The Steelers haven’t held the first pick on any day of any draft in a long time. The first pick in the second round is often regarded as a coveted possession, but that’s usually perceived more as teams trading up to get it rather than teams moving up from it back into the first. But there is logic, here, actually.
While Fowler acknowledged they could “go either way” with the pick in the sense of either trading up or down, he noted, “typically the Steelers like a blue-chip guy”, and “If they identify a player like that, I don’t think they would be afraid to use that 32nd pick to move up”.
The thing is, we’ve heard from many around the league that there aren’t many players with first-round grades on them within any given team. It seems as though there may only be 15-20 players that a team might actually give a first-round grade to.
I don’t know exactly how the Steelers grade now with Khan and Andy Weidl in the general manager and assistant roles, but they will obviously have a sense of who they would be willing to draft in the first round and who they would be more comfortable with in the second.
If the Steelers have a guy they see as one of their “special” players slipping into the mid-20s after taking another of those special players at 17, I can definitely see them trading up to get him.
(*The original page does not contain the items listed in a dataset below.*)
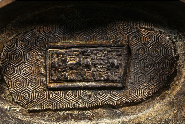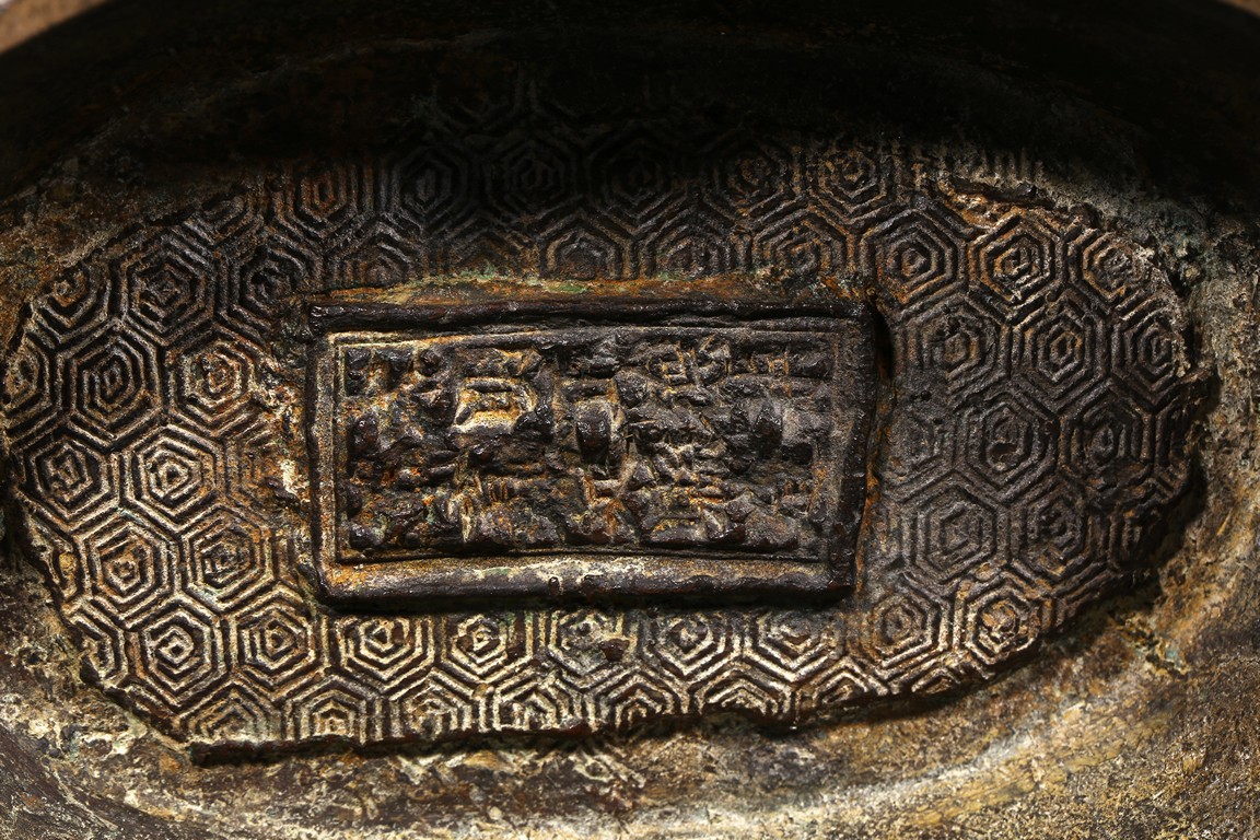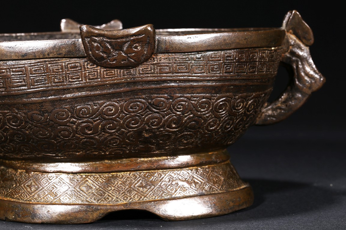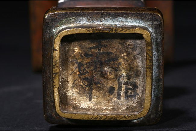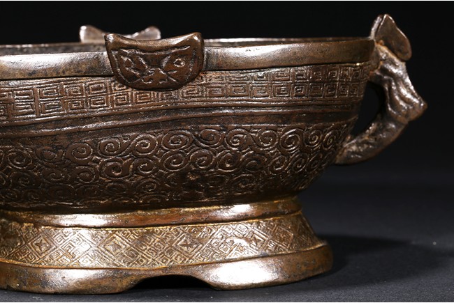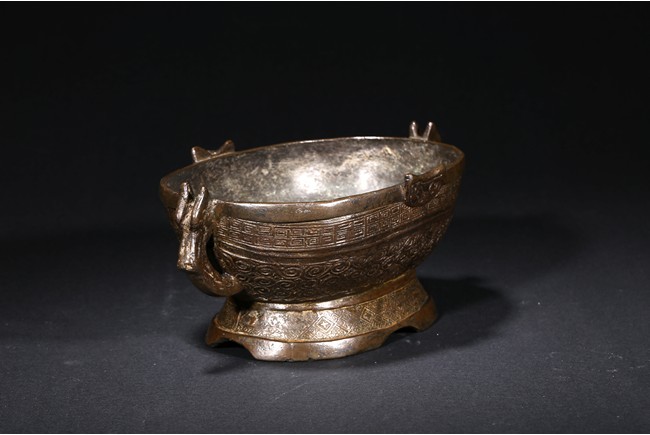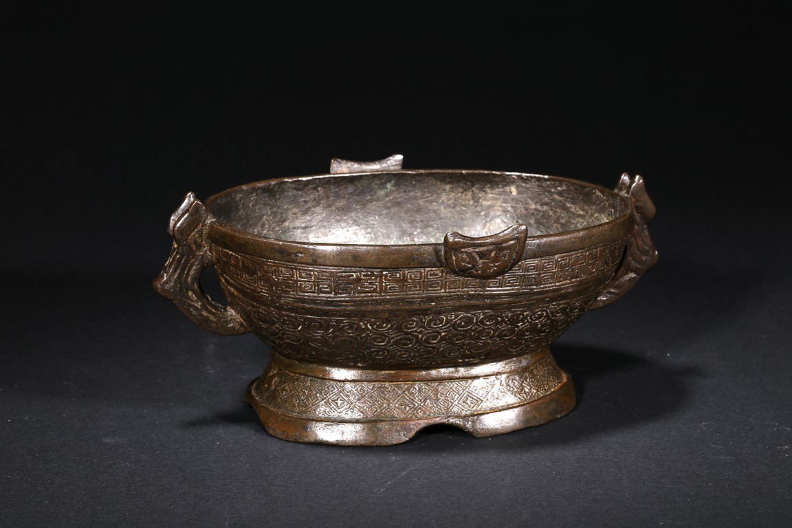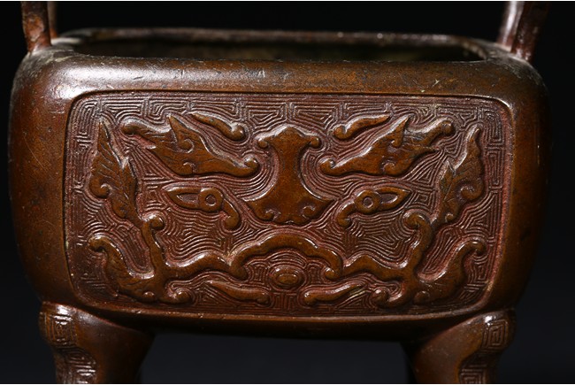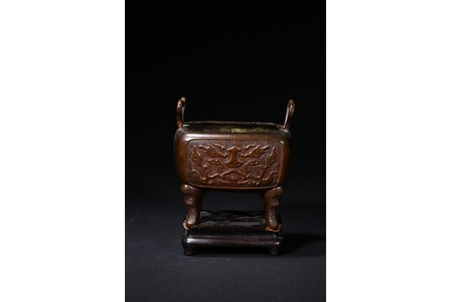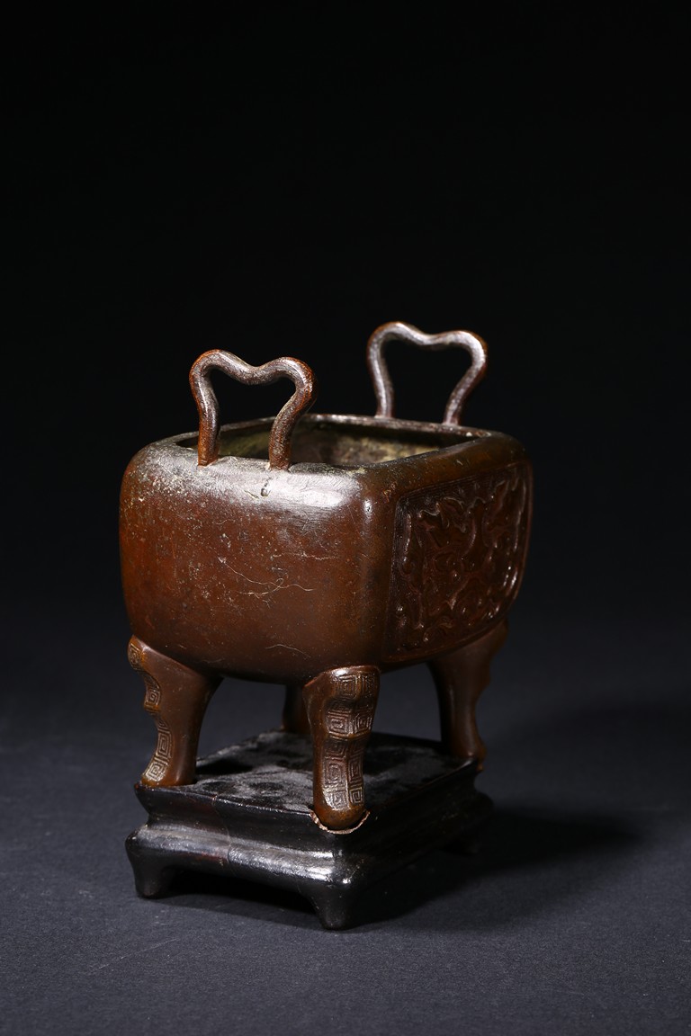 Consisting of a bronze three-sectioned gu-form vessel, a bronze fu-form vessel with inscription mark to the base, and a bronze four-feet square ding vessel. Qing Dynasty period.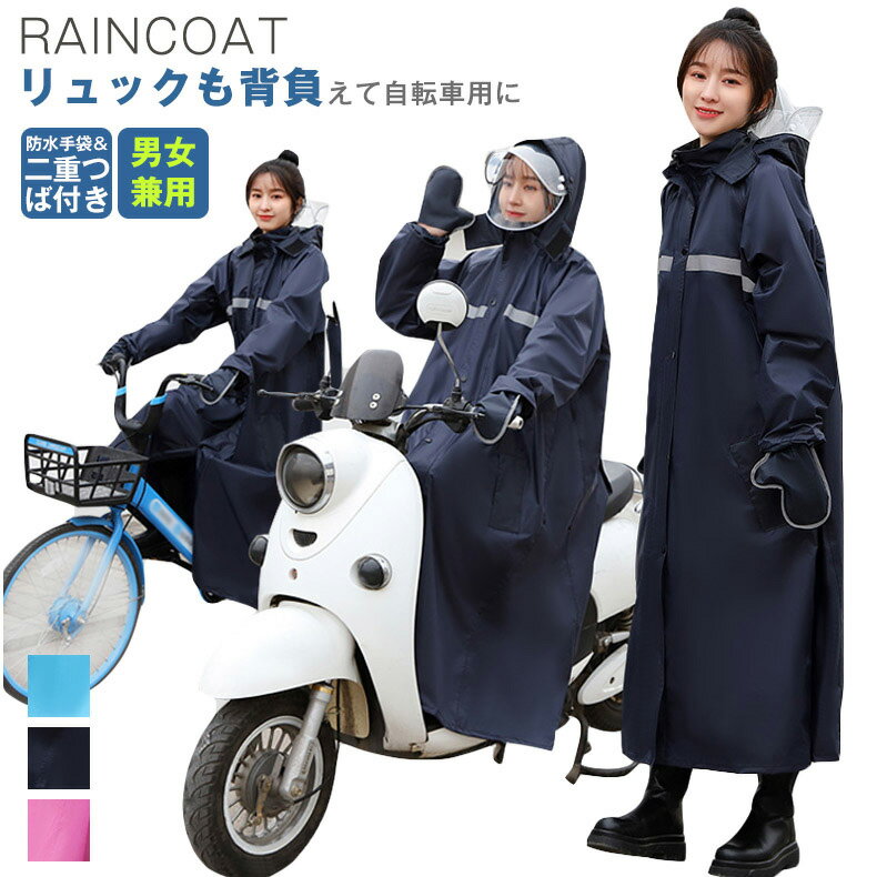 おしゃれ 雨具 自転車 バイク 軽量 通学 通勤 透明ひさし 入学 合羽 男女兼用 ジッパー レインポンチョ レインウェア 手袋と二重ツバ付き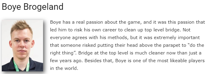 Boye Brogeland har fått plass i EUROPEAN BRIDGE LEAUGE HALL OF FAME!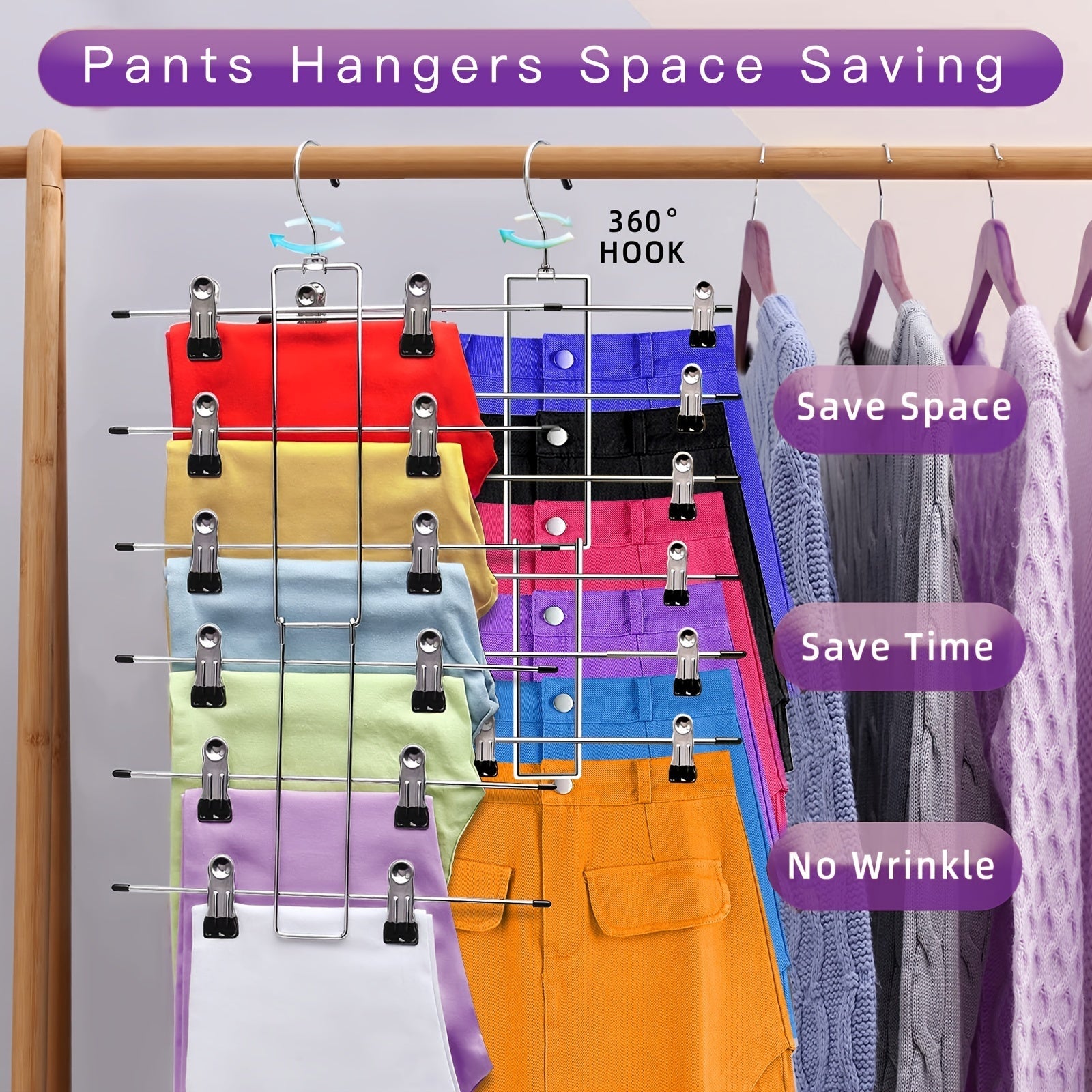 6-Tier Metal Clothes Hangers Set of 2 Non-Slip Durable Closet Organizer for Jeans Ties Scarves

Colbert was always willing to be more aggressive when he had more ammunition, too.
The Devin Bush trade was obviously a prime example, having an extra third-round pick thanks to the Antonio Brown trade. They also once traded a future third-round pick for a fourth-round pick because they had a good idea that they would be getting a third-round compensatory pick the following year to make up for it.
This year they have picks 32 and 49, the former thanks to the Chase Claypool trade. When is the last time they have even been in a position to make a move that would allow them to draft two players in the first round? The more I think about it, the more plausible it sounds based on the Steelers’ track record—even not knowing what we don’t know.